Thoughts on Fanny Howe’s Nod

Waves Breaking against the Wind c.1840 Joseph Mallord William Turner 1775-1851 Accepted by the nation as part of the Turner Bequest 1856 http://www.tate.org.uk/art/work/N02881

Still five days remaining, but Fanny Howe’s Nod might be a place to rest for the year. Maybe some poetry or philosophy to conclude. Some big books this year, Middlemarch, Schmidt’s The Novel, Anthony Rudolf’s Silent Conversations; each absorbed over a month. But it feels good to have read fewer books, to have read better and reflected more.

So pleased to have discovered Fanny Howe and Nod is a little special. Perhaps I’ll spend the remainder of the year reading it again. A third reading. I like to finish an extraordinary  book and reread it immediately, without the tension of reading for discovery, just for immersion in its depths. There is plenty of water in Nod, the sea one of its small cast of characters. There is also annihilating human cruelty, more intense than the story’s despair, deliberate cruelty of the sort that often only occurs within the protection of unconditional love, malignant cruelty that destroys self-love.

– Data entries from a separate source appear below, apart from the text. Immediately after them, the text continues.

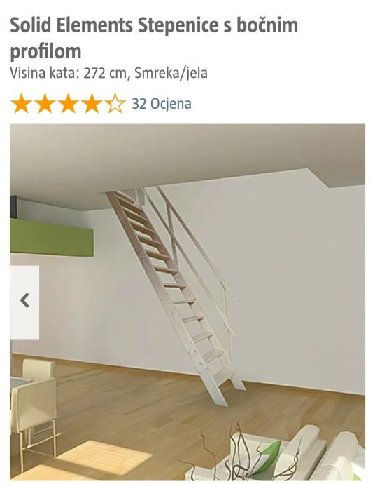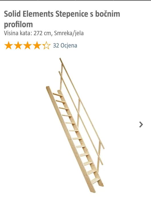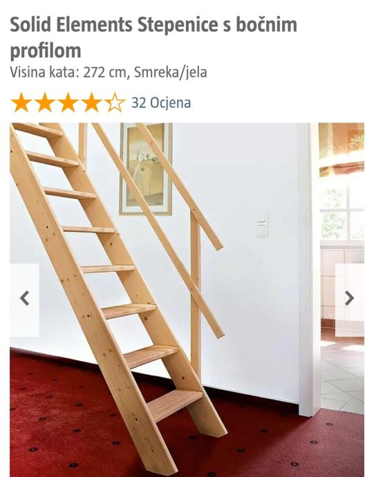 Neotvorene drvene stepenice s rukohvatom kupljene u Bauhausu, nikad montirane, u originalnom pakiranju.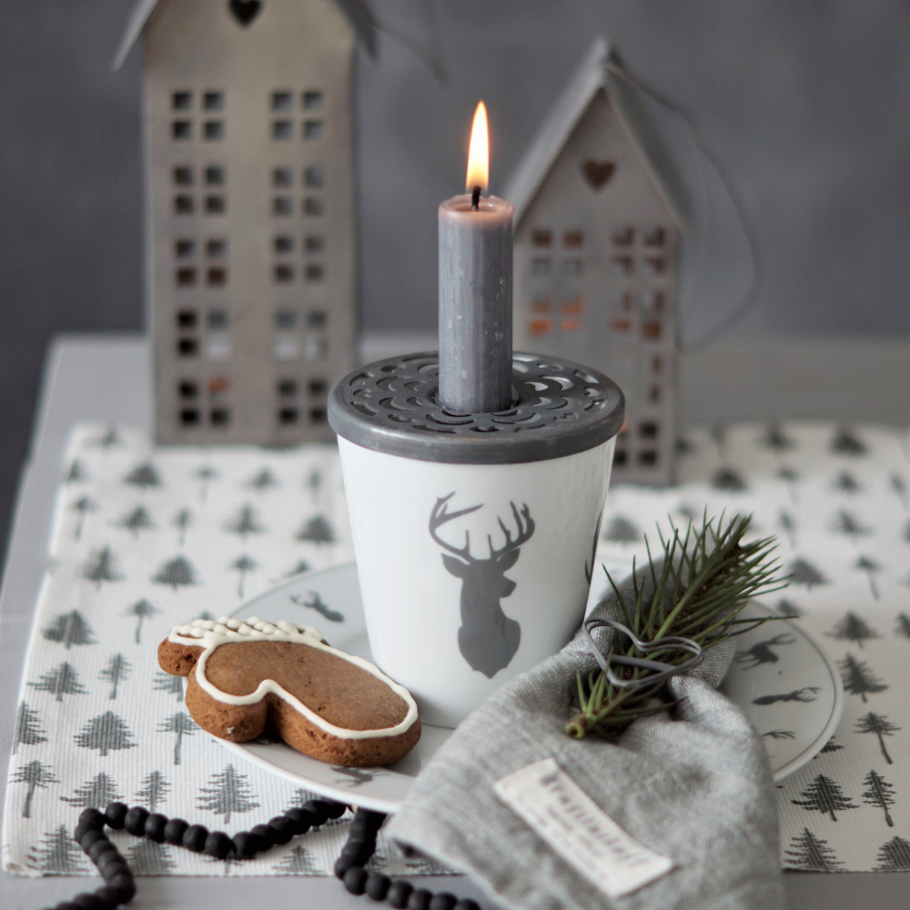 Der Krasinikoff Happy Mug "Winter Lodge Charcoal" sorgt an kalten Wintertagen schnell für wohlige Wärme. Einfach mit heißem Kakao oder Tee füllen und den Becher zum Aufwärmen der Hände nutzen. Sein charmantes Design mit Hirsch- und Geweihmotiven bringt zudem eine gemütliche Lodge-Atmosphäre in Deinem Zuhause. Robust und stilvoll ist dieser Becher der perfekte Begleiter für die kalte Jahreszeit. Mit seiner Größe von ca. 9 x 10 cm hat der Happy Mug ein Fassungsvermögen von 250ml.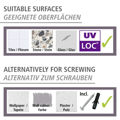 Pre montáž na stenu je ku kúpeľňovému doplnku priložený jedinečný lepiaci systém UV-Loc značky Wenko, ktorý zaručuje extrémne pevné upevnenie na akomkoľvek nosnom povrchu, ako sú dlaždice alebo sklo. Pripevníte ho ľahko a čisto bez zvyškov lepidla. Jednoducho stiahnite ochrannú fóliu a pripevnite systém Loc na stenu. Lepidlo naplňte do komôrok systému Loc a následne nechajte vytvrdiť priloženou UV lampou. Čakacia doba je iba 60 sekúnd. Po montáži na stenu je možné upevňovací prvok ihneď a trvalo zaťažiť (až 90 kg na jedno upevňovacie miesto systému Loc) - nie je nutná žiadna ďalšia čakacia doba. Rovnako ľahko sa dá upevnenie opäť bezo zvyšku odstrániť - k tomu je potrebný iba sušič vlasov a špachtľa.

Yet Nod is not hope-less. It lacks the unredeemed and desperate cruelty of Ágota Kristóf’s trilogy, stories of such saturated excess it took years to almost forget. Nod‘s characters are not diabolical, merely human. Howe allows us to glimpse the rationale, to grasp the ethics, the desire that underpins the cruelty. For this is also a story steeped through with desire and longing, human loneliness taken to an almost infinite degree.

There is great subtlety in Howe’s work, whether in Nod or in the essays of The Winter Sun and The Needle’s Eye. Her roots as a poet are evident in the attentive, meticulous prose. I want to read everything.